The hundreds of thousands of meals that José Andrés is preparing and delivering in Puerto Rico are a lot more meaningful and valuable then this twenty-course bacchanal. But I'm glad Andrés is doing both. Give him as many lanes as he wants.

é by José Andres
Cosmopolitan Las Vegas
3708 South Las Vegas Boulevard, Las Vegas, Nevada
702.698.7950


[1] Meanwhile, the President of the United States was busy venting about the Golden State Warriors and the National Football League. When the disaster in Puerto Rico finally caught his attention after several days, he spent his time picking twitter fights with the mayor of San Juan, being befuddled by "big water," throwing paper towels at people during his brief visit to the island, and threatening to pull FEMA and other federal support even while much of the territory is still without power and many residents still lack reliable access to food and water. But here I am, drifting out of my lane.
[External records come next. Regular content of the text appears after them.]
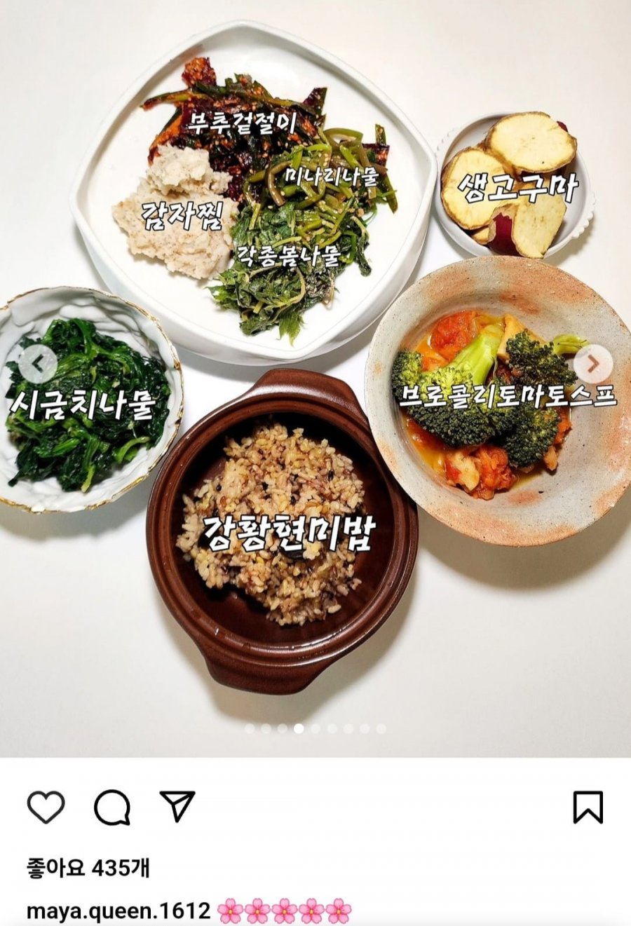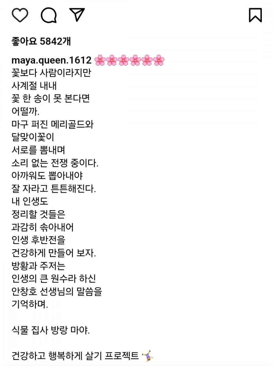 마야 퀸, 사천에서의 현미밥 연근 샐러드 미나리무침 브로콜리토마토스프! 콩나물 김칫국 감자강황 손질까치 브로콜리 소서아기, 산 속 연근 콩가루 차니 생고구마 좋아요 537개! 건강하고 행복한 삶을 살기 위해 집중하는 마야. 후반전 차기 위한 건강 프로젝트 시작! 방랑 마야, 토마토꽃송이버섯찜, 팔리하늘해에 도전.식물 집사, 쫓던데 좋아요 5842개! 사계절의 꽃 송이 하나 놓치기 싫어. 메리골드와 달맞이꽃의 전쟁! 당신의 건강한 삶을 위한 조언은?하지말아야 할 사람 들 정리하고 인생 후반전 시작!지금 당신의 인생 수정 중.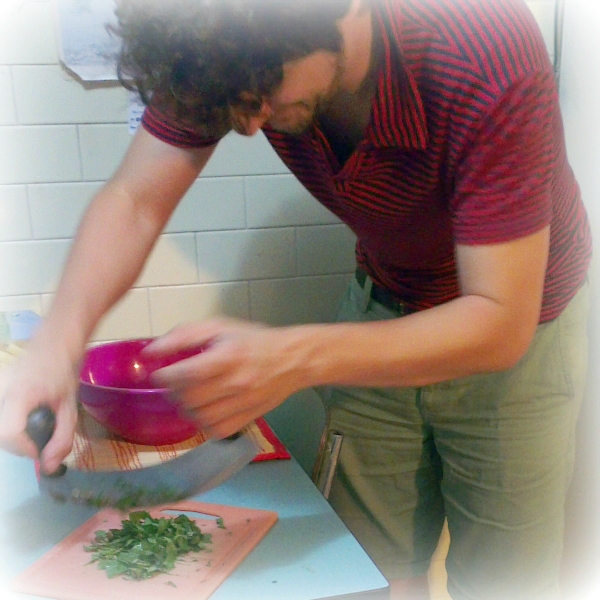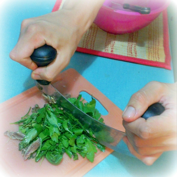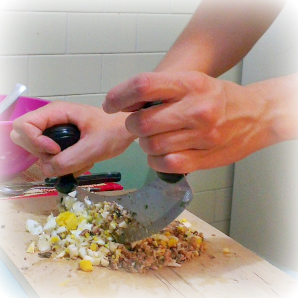 - 2.mezza luna(メッザ・ルーナ)という半月の形をした包丁で全てをチョップして細かくする。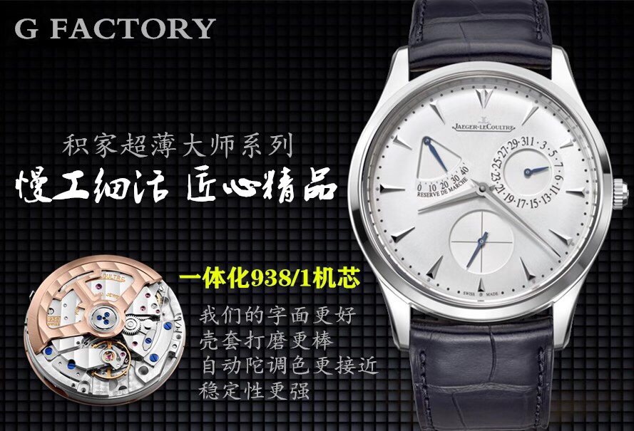 The [GF Jaeger-LeCoultre Clown] Master Ultra Thin Réserve de Marche ultra-thin master series power reserve display watch perfectly integrates pure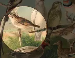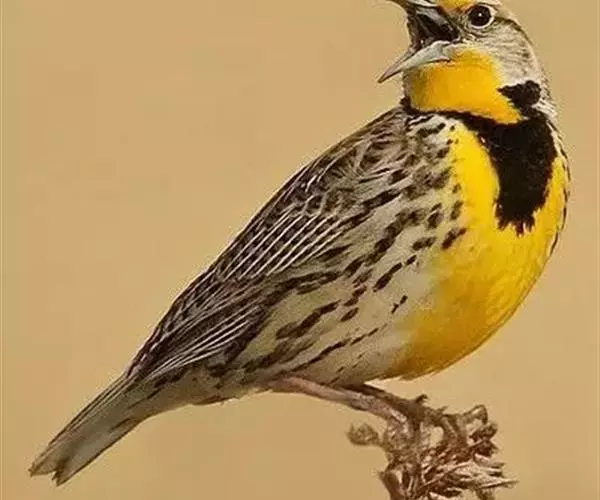 西美草地鹨 西美草地鹨体长19-26cm,翼展35-40cm,体重90-150g。黑帽,白眉,眼睛前端有一块黄色大斑,黑眼睛。体羽以黑色为主,带有醒目的黄色斑;上体和翅膀具黑褐色条纹,颈部和下颌黄色,胸部鲜黄色,在颈部和胸部之间有一道很宽的V形黑纹。侧面的条纹较暗。尾羽外侧白色。鸟喙嘴蓝灰色。雌鸟常为褐色。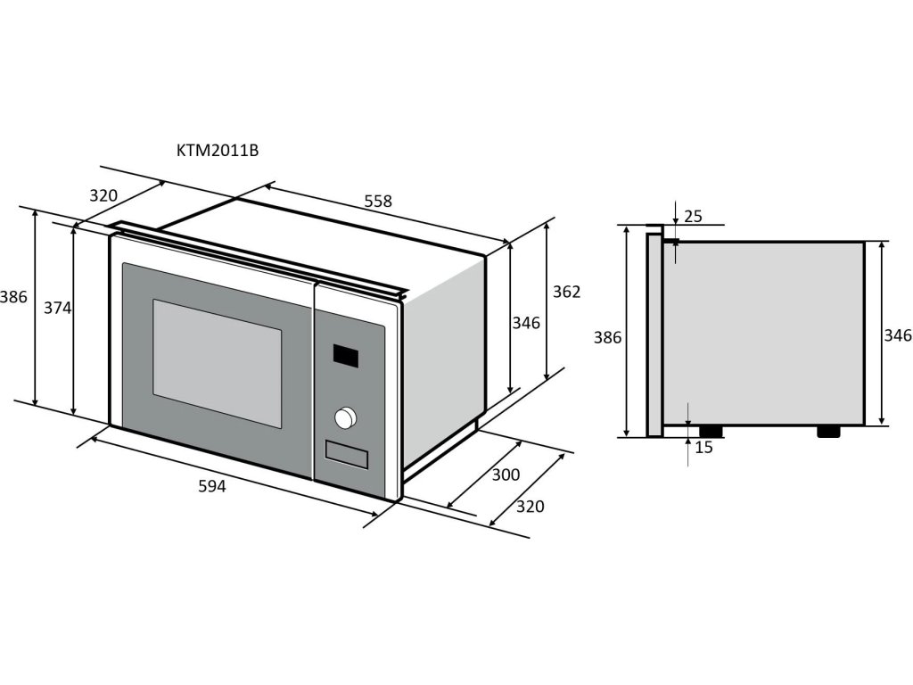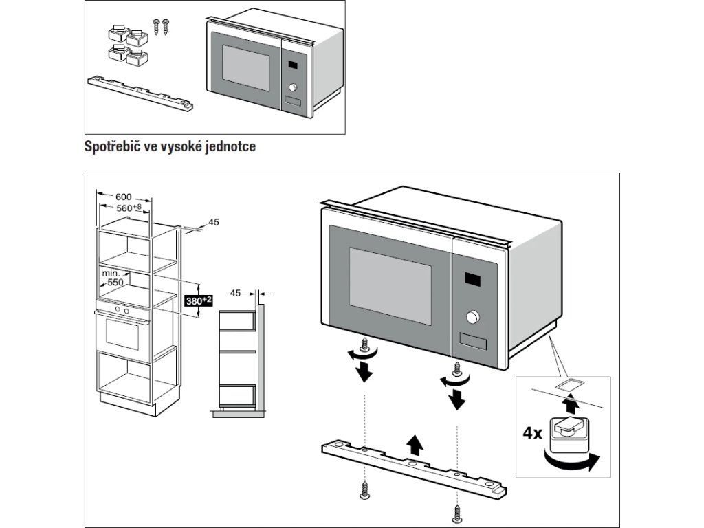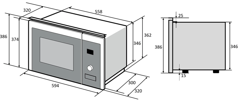 Pre vstavanú inštaláciu sú určené rozmery 38 × 56 × 55 cm, vďaka čomu rúra jednoducho zapadne do kuchynskej linky.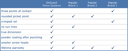 - Unlike some other brands, all OnGuard Fence Systems' rails and posts are powder coated after punching and notching, re-sealing all exposed surfaces with a protective powder coat finish for long-lasting quality.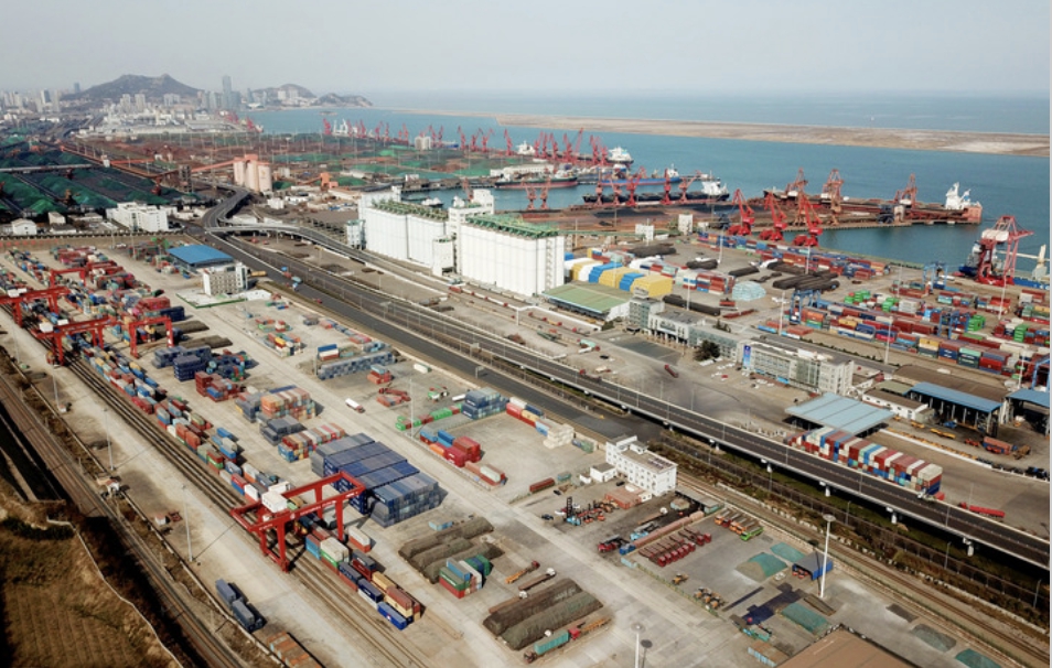 3月7日,大批出口商品車在山東港口煙臺港集結等待裝船(無人機照片)。新華社發(唐克攝)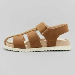 Make sure your little one moves in total comfort during sunny days in these Sandals from Cat & Jack™. These medium-width sandals feature a strappy design with a hook-and-loop closure to offer them a secure fit. Designed with a non-marking outsole, these no-heel sandals feature an airy design for breathable wear, while a faux, rough-out leather-like upper and footbed make them a great pairing with a variety of their summertime ensembles.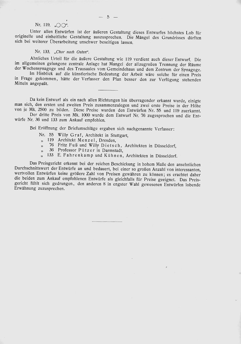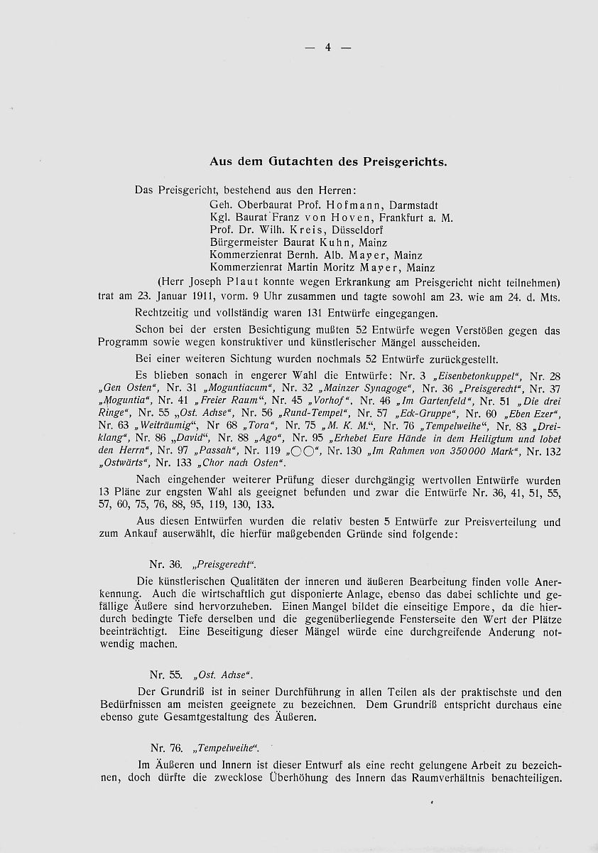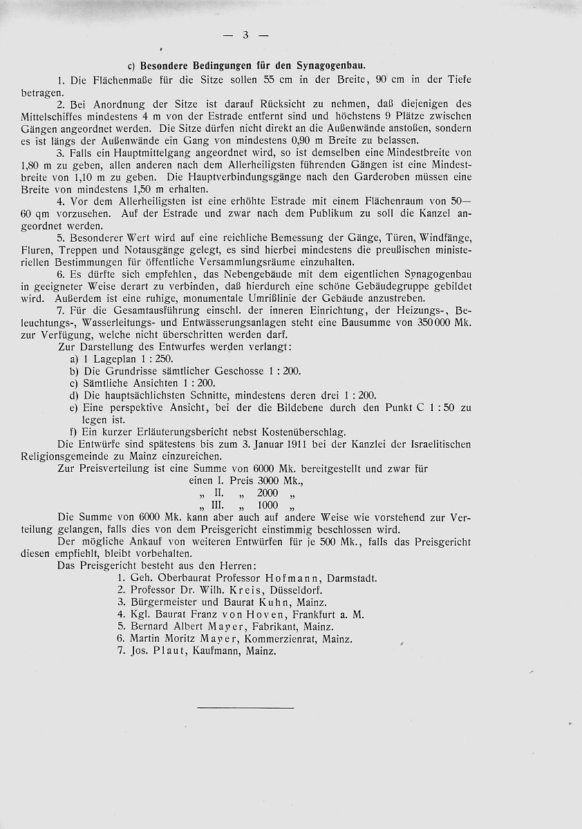 Unter den Baumeistern der prächtigen Mainzer Synagogen des 19. und frühen 20. Jahrhunderts finden sich bekannte Namen, wie Ignaz Opfermann, Eduard Kreyßig und Willy Graf. Die meisten dieser Gotteshäuser wurden im November 1938 geschändet und zerstört; die niedergehenden Bomben im Krieg machten dann auch noch die Reste der Bauwerke dem Erdboden gleich. Abgesehen von der restaurierten kleinen Weisenauer Synagoge künden heute nur noch einige Gedenktafeln von den früheren Gebetsstätten und Lehrhäusern der Mainzer Juden.

[2] Yes, it was awful timing in light of the recent horrific shooting there, but Vegas carries on, and the businesses and their employees need and appreciate the support of visitors. Is there any place that hasn't been the site of an awful human tragedy lately? Honestly, it feels frivolous and superfluous to be writing about high-end meals given everything happening in the world right now, but maybe reading this can give some brief respite from all that. For what it's worth, I also donated the price of a meal at é to World Central Kitchen, and if you'd like to support the efforts of Andrés and many others in Puerto Rico, I encourage you to also consider donating the value of your next dinner – or more!

[3] While writing this, I thought to look back at my notes from my visit, nearly a decade ago, to Minibar in DC (remember Chowhound?). This was way back in the day, before the Michelin stars, when "minibar" was literally just that – a tiny bar counter (actually more like a sushi counter) tucked into a corner of Café Atlantico restaurant. And that meal started with ... a liquid nitrogen frozen sangria slushie garnished with a cube of partially frozen watermelon!

[4] This too goes back to those old Minibar days, where I was served a spherified and carbonated mojito using the same techniques. On my prior visit to é, I sampled another iteration similar to this one with white sangria.

[5] This and many other dishes were served with two small spoons for utensils, the idea being that you use one of the spoons to scoop and assemble little bites in the other; it's pretty clever and effective.

[6] Pairings were a highlight throughout the meal. While there are a few options, the baseline "Spanish Pairing" hit all the right spots for me: a bubbly biodynamic single-estate brut rosé from Raventós i Blanc to start, followed by a glass of  manzanilla pasada sherry, then a spritzy, bright txakolina from Txomin Etxaniz with the seafood, followed by that López de Heredia, a couple reds from less celebrated regions of Spain – mencia from Bierzo's Castro Ventosa, a monastrell-cab blend from Jumilla's Juan Gil – and for dessert, a moscatel from Jorge Ordóñez.

[7] I know when you're charging $250 a head you don't want to send anyone home hungry, especially in an arguably less "sophisticated" dining environment such as Las Vegas, but these two courses in particular felt like filler to me.

[8] It's kind of funny that even though this felt like an almost completely new meal to me, there are threads which go back to the first Andrés meal I had at Minibar nearly a decade ago. He was playing with milk and honey back then, too, when I had a dessert of powdered frozen yogurt topped with powdered honey and drizzled with more honey and olive oil. Maybe early onset dementia is taking hold.

[9] We got there late in the game in 2010, a year before the restaurant closed to become the El Bulli Foundation.

[10] Writer Lisa Abend, who took a behinds-the-scenes look at El Bulli in a book called "The Sorcerer's Apprentices," was ahead of the curve, wondering – in 2008 – "Isn't anybody tired of this stuff by now?" Of course, people tend to forget that Redzepi was himself an Adrià disciple, having worked at El Bulli before going back to Copenhagen to open Noma.